Then, we constructed a defective SbML with Sb monovacancy to anchor single 3d, 4d and 5d TM atoms (Fig. 1(a)). After full optimization without any constraints, the binding energies of these 29 different SAC models are calculated as shown in Fig. 1(b)–(d). The results show that the binding energies of Y@SbML, Cd@SbML and Hg@SbML are all lower than −2.00 eV, suggesting that these SAC models are not suitable NRR catalysts due to weak interactions between the dopant atoms and the substrate.

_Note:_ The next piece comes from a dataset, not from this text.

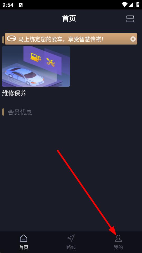 1、打开智慧传祺app,点击底部导航栏我的进入个人页面。

Among the 29 different SAC structures, most SACs possess quite negative binding energies larger than −4.50 eV, which means that TM atoms can be immobilized stably on the defective SbML. It is worth mentioning that the bond lengths of TM-Sb range from 2.46 to 2.79 Å; they are all shorter than the Sb–Sb bond length (2.89 Å) in the pristine SbML. This is consistent with the larger calculated binding energies of TM@SbML systems.
According to previous investigations,82–84 the entire NRR process is composed of six complicated hydrogenation reaction steps, that is N2 + 6H+ + 6e− → 2NH3, which both begin with end-on and side-on adsorption configurations of N2 molecules (Fig. S2a, ESI†). After the structure optimization, for N2 adsorption on Y@SbML, Zn@SbML, Ag@SbML, Cd@SbML, Au@SbML and Hg@SbML with end-on and side-on configurations, we found obvious structural deformations in both configurations. This suggested that these six SAC models cannot be the electrocatalysts for the NRR. Particularly, the side-on adsorption configuration of Co@SbML, Ni@SbML, Cu@SbML, Ru@SbML, Rh@SbML, Pd@SbML, Ir@SbML and Pt@SbML would change to the end-on configuration, indicating these side-on configurations are not stable. The end-on and side-on N2 molecule adsorption configurations and corresponding Eads are presented in Fig. S2b–d (ESI†). It was found that all calculated Eads values were negative (from −0.07 eV to −1.67 eV) when adsorption occurred in the end-on and side-on configurations except for Cr@SbML, for which the Eads value for N2 adsorption in the end-on configuration was positive (0.38 eV), indicating that N2 did not adsorb on Cr@SbML via the end-on configuration. Based on the Sabatier principle,85 the Eads value should be moderate between −0.5 and −1.0 eV. Too negative Eads value means N2 molecules were adsorbed too strong, and then the activity of TM@SbML catalysts would be inhibited. However, due to weak adsorption, the active TM atoms can easily aggregate, resulting in a rapid decline in catalytic activity and catalyst deactivation. To further explore the TM–N2 interaction for N2 adsorbed on TM@SbML, the Bader charge transfer of different TM@SbML with N2 end-on and side-on adsorption configures is determined and is displayed in Fig. S3 (ESI†). Obviously, significant charge transfer (0.12–2.15 e−) occurred from TM atoms to the N2 molecule except for 3d TM atoms of Co (0.08 e−), Ni (0.01 e−), and Cu (0.08 e−). One can see that the early TM@SbML in the same period shows a larger charge transfer from TM atoms to N2 molecules. This can be explained by the fact that it is more easy for early TM atoms to lose electrons than the later TM atoms in the same period. The interaction leads to a more negative Eads value, suggesting a stronger binding strength with N2, thereby weakening the NN bond, which contributes to the progress of the NRR process.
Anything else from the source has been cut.